* _Required action_
From top to bottom, return the listing exactly as it appears, omitting its images.

* _Data excerpt_
_ _ _ _ _
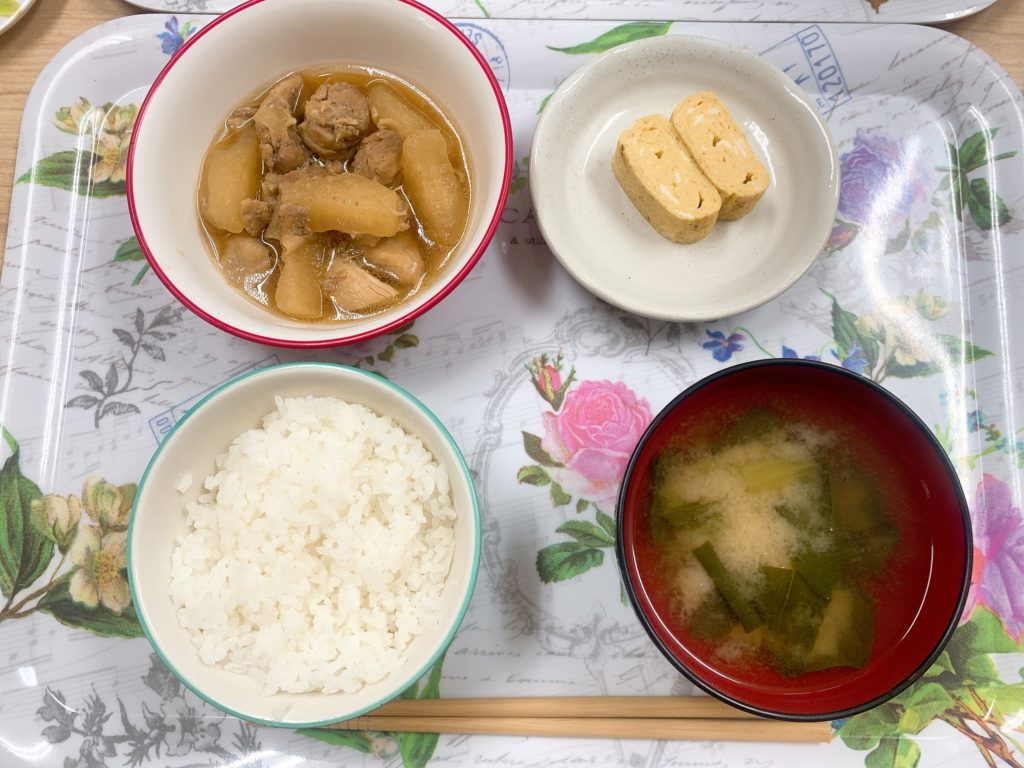 今日の昼食は鶏大根、出汁巻き卵、小松菜の味噌汁、白米でした(^^)/🍚
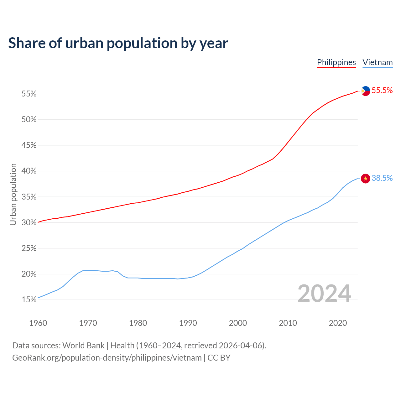 From 2004 to 2024, the share of urban population changed from 40.9% to 55.5% in the Philippines and from 26.8% to 38.5% in Vietnam.
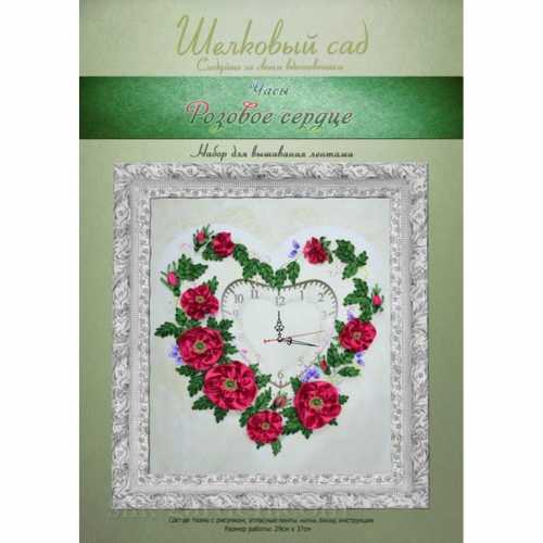 Набор для вышивания атласными лентами Часы - Розовое сердце, Шелковый сад, ВЛ-Н-1098, 29х29см
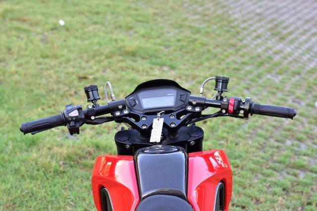 Ghi đông nguyên bản đã được thay thế bằng ghi đông CNC, việc thay thế mẫu ghi đông này sẽ phần nào thay đổi góc tay lái, giúp người lái tùy chỉnh sao cho thoải mái hơn, ngoài ra ta còn thấy cùm thăng tốc ở cánh phải với cấu tạo bên trong rút ngắn hành trình ga đáng kể, giúp xe gia tốc nhanh hơn.
_ _ _ _ _
* _Result for this task_
 今日の昼食は鶏大根、出汁巻き卵、小松菜の味噌汁、白米でした(^^)/🍚
 From 2004 to 2024, the share of urban population changed from 40.9% to 55.5% in the Philippines and from 26.8% to 38.5% in Vietnam.
 Набор для вышивания атласными лентами Часы - Розовое сердце, Шелковый сад, ВЛ-Н-1098, 29х29см
 Ghi đông nguyên bản đã được thay thế bằng ghi đông CNC, việc thay thế mẫu ghi đông này sẽ phần nào thay đổi góc tay lái, giúp người lái tùy chỉnh sao cho thoải mái hơn, ngoài ra ta còn thấy cùm thăng tốc ở cánh phải với cấu tạo bên trong rút ngắn hành trình ga đáng kể, giúp xe gia tốc nhanh hơn.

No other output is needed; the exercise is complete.